Si snodano le testimonianze dei disperati che hanno tentato la traversata o che ci hanno provato più volte.

E così Vendola può sfoderare tutto il suo fascinoso stile affabulatorio, parlando del Mediterraneo come di un cimitero liquido o di un muro d’acqua che crollando ci ha messo a contatto con un’enorme domanda di pane e libertà  alla quale stiamo rispondendo con la paura dell’orda che rischia di sommergerci.  Non senza ragione si domanda come mai la Protezione Civile, che ha gestito i summit dei capi di Stato e i viaggi del Papa, non sia stata immediatamente tirata in ballo per affrontare il problema dei 25.000 immigrati che non sono poi così tanti. 



Giulia Innocenzi introduce Boris Bignasca, figlio del Bossi ticinese che ha vinto le elezioni nel loro Cantone.

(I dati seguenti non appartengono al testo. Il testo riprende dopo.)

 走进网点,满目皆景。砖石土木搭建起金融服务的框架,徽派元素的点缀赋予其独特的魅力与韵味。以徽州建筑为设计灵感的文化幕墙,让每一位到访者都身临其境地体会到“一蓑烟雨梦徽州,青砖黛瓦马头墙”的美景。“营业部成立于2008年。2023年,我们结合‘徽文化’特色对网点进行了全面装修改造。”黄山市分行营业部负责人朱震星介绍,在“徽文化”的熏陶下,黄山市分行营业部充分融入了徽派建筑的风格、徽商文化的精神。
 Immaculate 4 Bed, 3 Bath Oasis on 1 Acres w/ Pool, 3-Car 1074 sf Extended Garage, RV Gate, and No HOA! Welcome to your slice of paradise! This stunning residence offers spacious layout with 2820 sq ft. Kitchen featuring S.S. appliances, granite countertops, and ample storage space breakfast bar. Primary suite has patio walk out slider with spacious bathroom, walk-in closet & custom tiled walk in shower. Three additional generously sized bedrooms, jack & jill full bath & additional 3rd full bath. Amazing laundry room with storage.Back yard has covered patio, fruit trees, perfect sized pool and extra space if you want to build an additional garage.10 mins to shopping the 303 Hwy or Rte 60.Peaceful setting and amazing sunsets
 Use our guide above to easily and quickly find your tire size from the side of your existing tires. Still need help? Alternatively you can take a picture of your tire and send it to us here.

Il giovanotto, presentato come un duro delle montagne, parla invece di flussi, di numeri accettabili di immigrati da accogliere, raccogliendo la condivisione della Bonino che dice, anche lei con una buona parte di ragione: “Già affermare che il fenomeno va governato invece di dire  semplicemente “fora di ball” è un grande passo avanti”.

Ruotolo intervista ribelli, sopravvissuti alle carceri di Gheddafi, e così la Bonino può facilmente spiegare che ogni rivoluzione non si risolve in una passeggiata, e che se oggi la confusione regna sovrana è per una debolezza complessiva causata da una mancanza di visione e dall’emergere di singoli egoismi.

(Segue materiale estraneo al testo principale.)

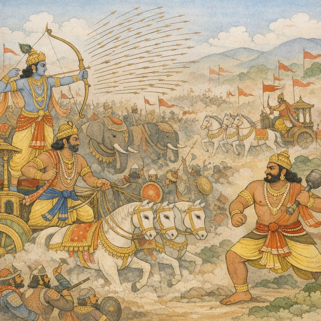 Chapter Arc: संकुल युद्ध की धूल में संशप्तक वीर परलोक-संबंधी घोर शपथ लेकर अर्जुन को घेरते हैं—मानो आज ही उसका रथ रोककर प्राण-दान मांगेंगे। → कौरव-सेना की भीड़ और थकान के बीच भी उन्मत्त गजदल आगे बढ़ता है; अर्जुन की गति अवरुद्ध होती है। उधर श्रीकृष्ण स्वर्ण-भूषणों और मुक्ताजाल से सुसज्जित श्वेत अश्वों को कर्ण-रथ की ओर साधते हैं—रण का केंद्र कर्ण-अर्जुन की ओर खिंचने लगता है। → भीमसेन कालरात्रि-सदृश प्रचंड रूप धारण कर मनुष्य-हय-गज का संहार करते हुए कौरव-सेना में आतंक का ज्वार उठाते हैं; साथ ही अर्जुन के बाणों से नराश्वनागों का महान आर्तनाद गूंजता है और रथ, सादी, हय, गज—कोई भी अखंड नहीं बचता। → कर्ण मित्रहित में, मित्रगृद्धि से प्रेरित होकर, पाञ्चालों पर शर-सहस्रों की वर्षा करता है; पाञ्चाल-सेना में भारी शब्द और भगदड़ फैलती है, और युद्ध का पलड़ा क्षण भर को कर्ण की ओर झुकता है। → कर्ण की तीव्र बाण-वृष्टि के बाद रण का अगला मोड़—क्या अर्जुन-भीम इस दबाव को तोड़कर कर्ण तक पहुंचेंगे—अध्याय के अंत में अधर में लटकता है।
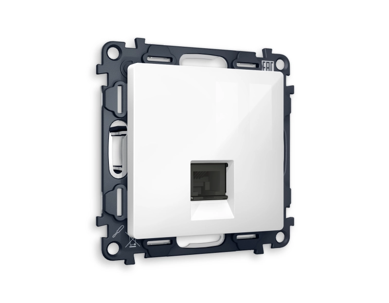 Комплект механизма телефонной розетки ALFA MA112030 Белый глянец RJ-11(4P4C) с автоматической защитной шторкой QUANT (AP1120, VM190)
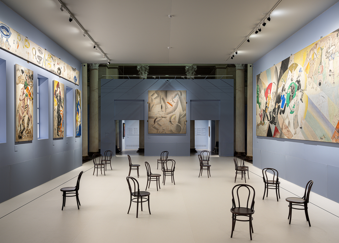 В пространстве зала панно с обилием бытовых деталей соседствуют с более условными, метафоричными композициями, созданными на рубеже 1920-х годов. Особое место занимают работы из так называемой «витебской серии» — в них Шагал с теплотой и ностальгией запечатлел близких людей, улочки родного города и пейзажи его окрестностей.

Un’immigrata regolarizzata da tempo dotata di una non indifferente capacità dialettica, ricorda che la Tunisia accoglie 500.000 persone organizzandosi con la mezzaluna rossa, mentre l’Italia si lamenta solo per 25.000, l’Italia che ha tollerato come tutti gli altri paesi che l’Africa ex-coloniale e non, diventasse preda di vari dittatori.

Travaglio mostra tutte le incongruenze e le contraddizioni della legge sul processo breve, domandandosi – non senza ragione – come mai si è bloccato il Parlamento per settimane se davvero, come ha detto Alfano, la faccenda riguarda solo lo zero virgola dei casi.

Vendola non ha tutti i torti quando afferma che non basta ordinare ai giudici di essere più celeri, occorre invece dargli le risorse e i mezzi per lavorare.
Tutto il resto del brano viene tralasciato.